Optimal Monetary Policy with Durable Goods and Non-Durable Goods

39 Pages Posted: 17 May 2003

See all articles by Christopher J. Erceg

Christopher J. Erceg

Board of Governors of the Federal Reserve System

Andrew T. Levin

affiliation not provided to SSRN

Date Written: September 2002

Abstract

The durable goods sector is much more interest sensitive than the non-durables sector, and these sectoral differences have important implications for monetary policy. In this paper, we perform VAR analysis of quarterly US data and find that a monetary policy innovation has a peak impact on durable expenditures that is roughly five times as large as its impacts on non-durable expenditures. We then proceed to formulate and calibrate a two-sector dynamic general equilibrium model that roughly matches the impulse response functions of the data. While the social welfare function involves sector-specific output gaps and inflation rates, we find that performance of the optimal policy rule can be closely approximated by a very simple rule that targets a weighted average of aggregate wage and price inflation rates. In contrast, some commonly-prescribed policy rules (such as strict price inflation targeting and Taylor's rule) perform very poorly in terms of social welfare.

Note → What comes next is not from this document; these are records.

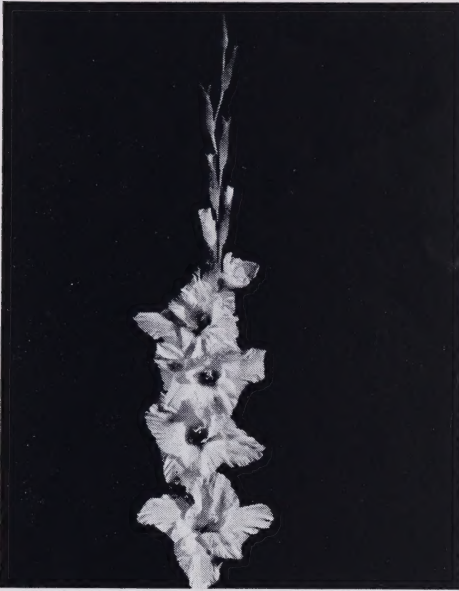
DISCOVERY (From a small bulb)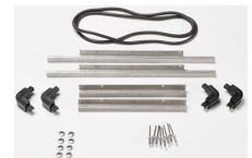
iM2306-M4-BEZEL-L Lid Bezel (Metric)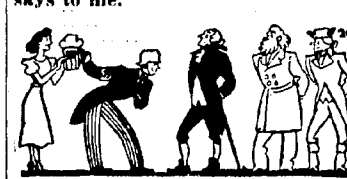
Assault on Bunker Hill

Incidentally, some people who never get within a masher shot of the K. and Q. will make your hair stand up now with the bright things "I says to the king and he says to me."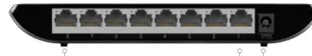
8 10/100/1000Mbps Ethernet Ports Power Socket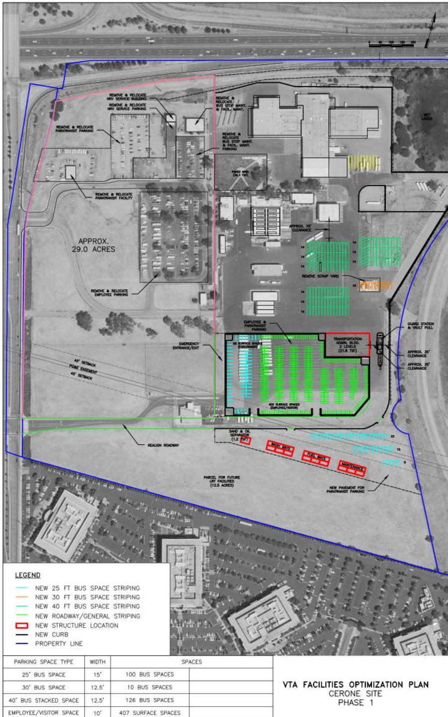
Figure 5. Facilities Optimization Plan, Phase 1

The Cerone Maintenance Yard will continue to be active after the completion of the Project on the developable portion of the Property. In the future, VTA plans to intensify VTA's usage of the portion of the Property that will be retained by VTA. Under VTA's 2010 Facility Master Plan, parking and support areas that are currently outside the fence that encloses the Cerone Division as well as the parking areas currently located on the Property, will be relocated by VTA at the expense of the Developer to an area at the southeast corner of the Cerone Maintenance Yard (an illustrative concept is shown in Figure 5). The Developer will also be expected to incorporate a dedicated bus lane into the Project plans as well as new bus stops serving the Project; the bus lane and new bus stops will be created at the Developer's expense.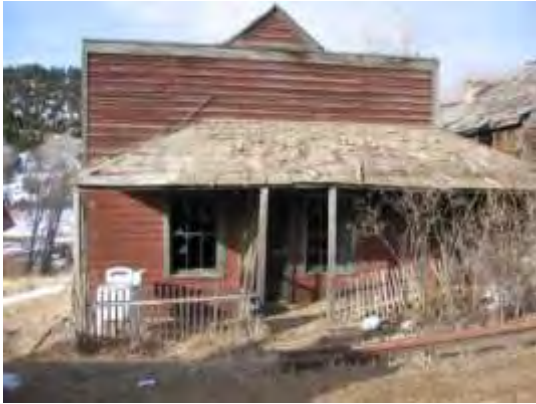
Before preservation on porch, porch roof, and windows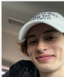
Lucas Data Science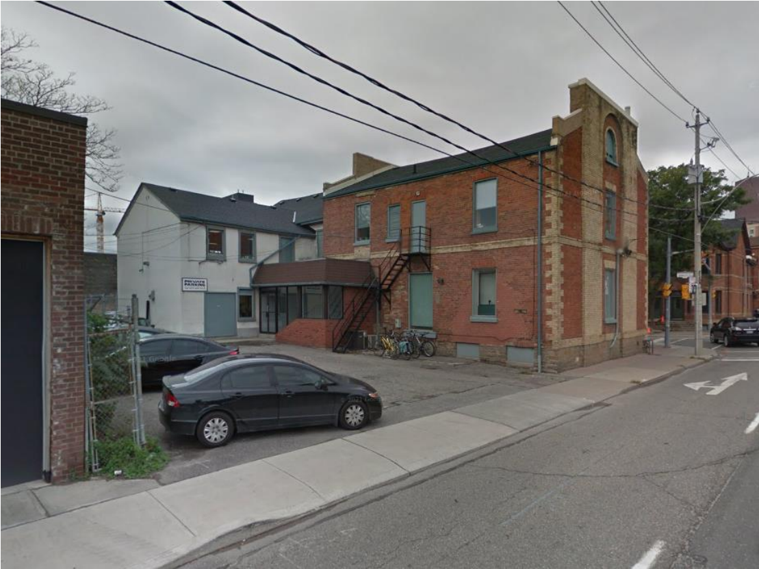
Rear elevations of 115 Berkeley Street and 111 Berkeley Street looking southwest.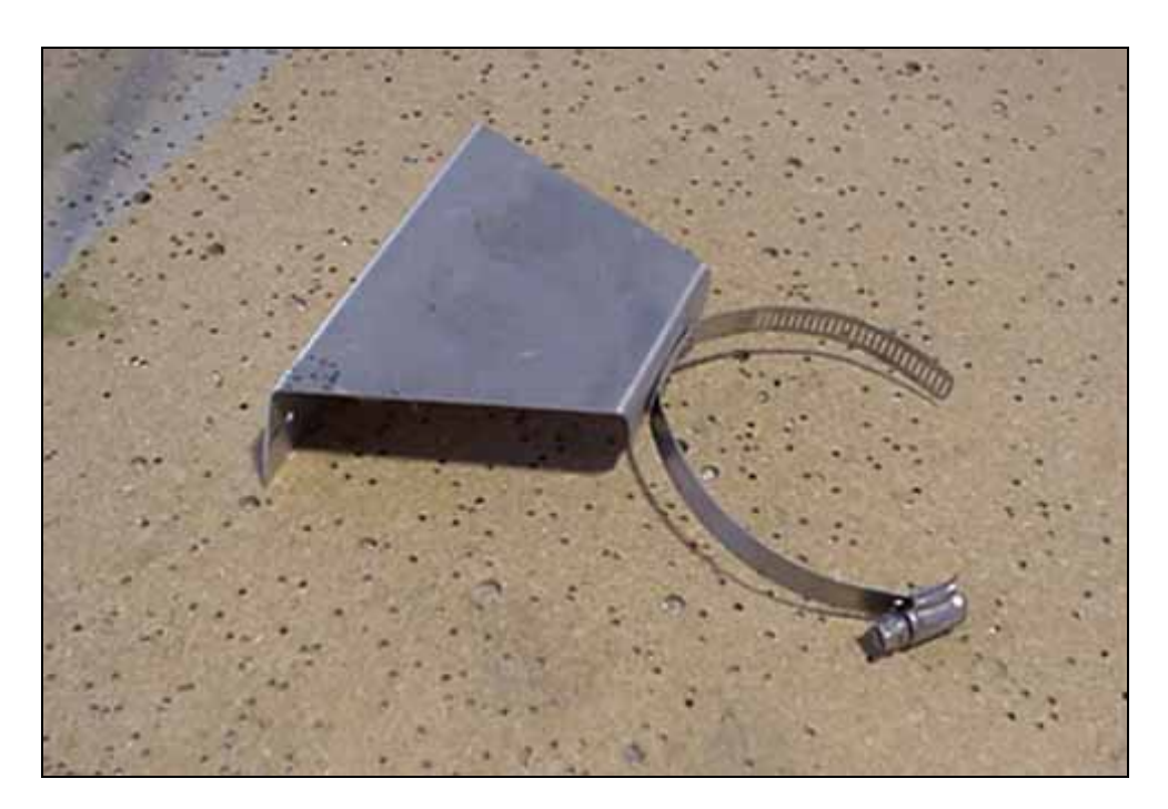
OIL TANK TOP SUPPORT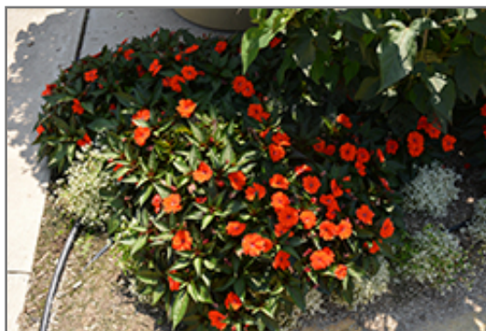
SunPatiens Compact Orange New Guinea Impatiens in bloom

SunPatiens Compact Orange New Guinea Impatiens will grow to be about 24 inches tall at maturity, with a spread of 24 inches. When grown in masses or used as a bedding plant, individual plants should be spaced approximately 20 inches apart. Its foliage tends to remain dense right to the ground, not requiring facer plants in front. This fast-growing annual will normally live for one full growing season, needing replacement the following year.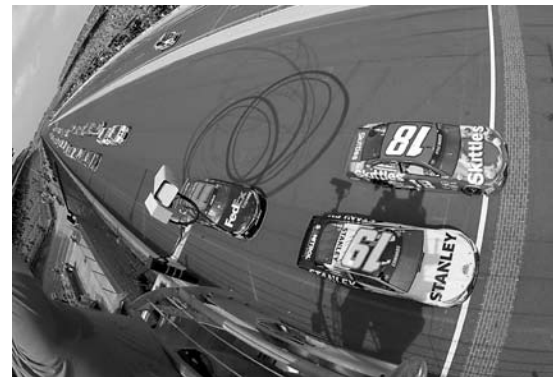
NSCS Green Flag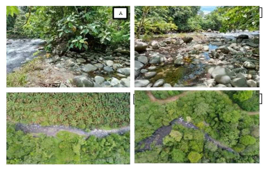
Figure 6. (A): Riverbank location of Eurasian Otter sighting. (B): The tributary on which the Eurasian Otter was sighted. (C): Mangun with oil palm plantations on the north side. (D): Secondary forest around the Mangun river.

The evidence of L. lutra and L. sumatrana in the PR-HSD of the Mangun River implies the existence of a population of these two species of otter may have lived in the area for some time. However, current findings of L. lutra in the wild are very limited compared to L. sumatrana (though the latter is considered more endangered: Sasaki et al, 2021) (Fig 6.).

Keywords: VAR analysis, DGE models, sectoral disaggregation

JEL Classification: E31, E32, E52

Suggested Citation

Erceg, Christopher J. and Levin, Andrew, Optimal Monetary Policy with Durable Goods and Non-Durable Goods (September 2002). Available at SSRN: https://ssrn.com/abstract=358181

Christopher J. Erceg (Contact Author)

Board of Governors of the Federal Reserve System ( email )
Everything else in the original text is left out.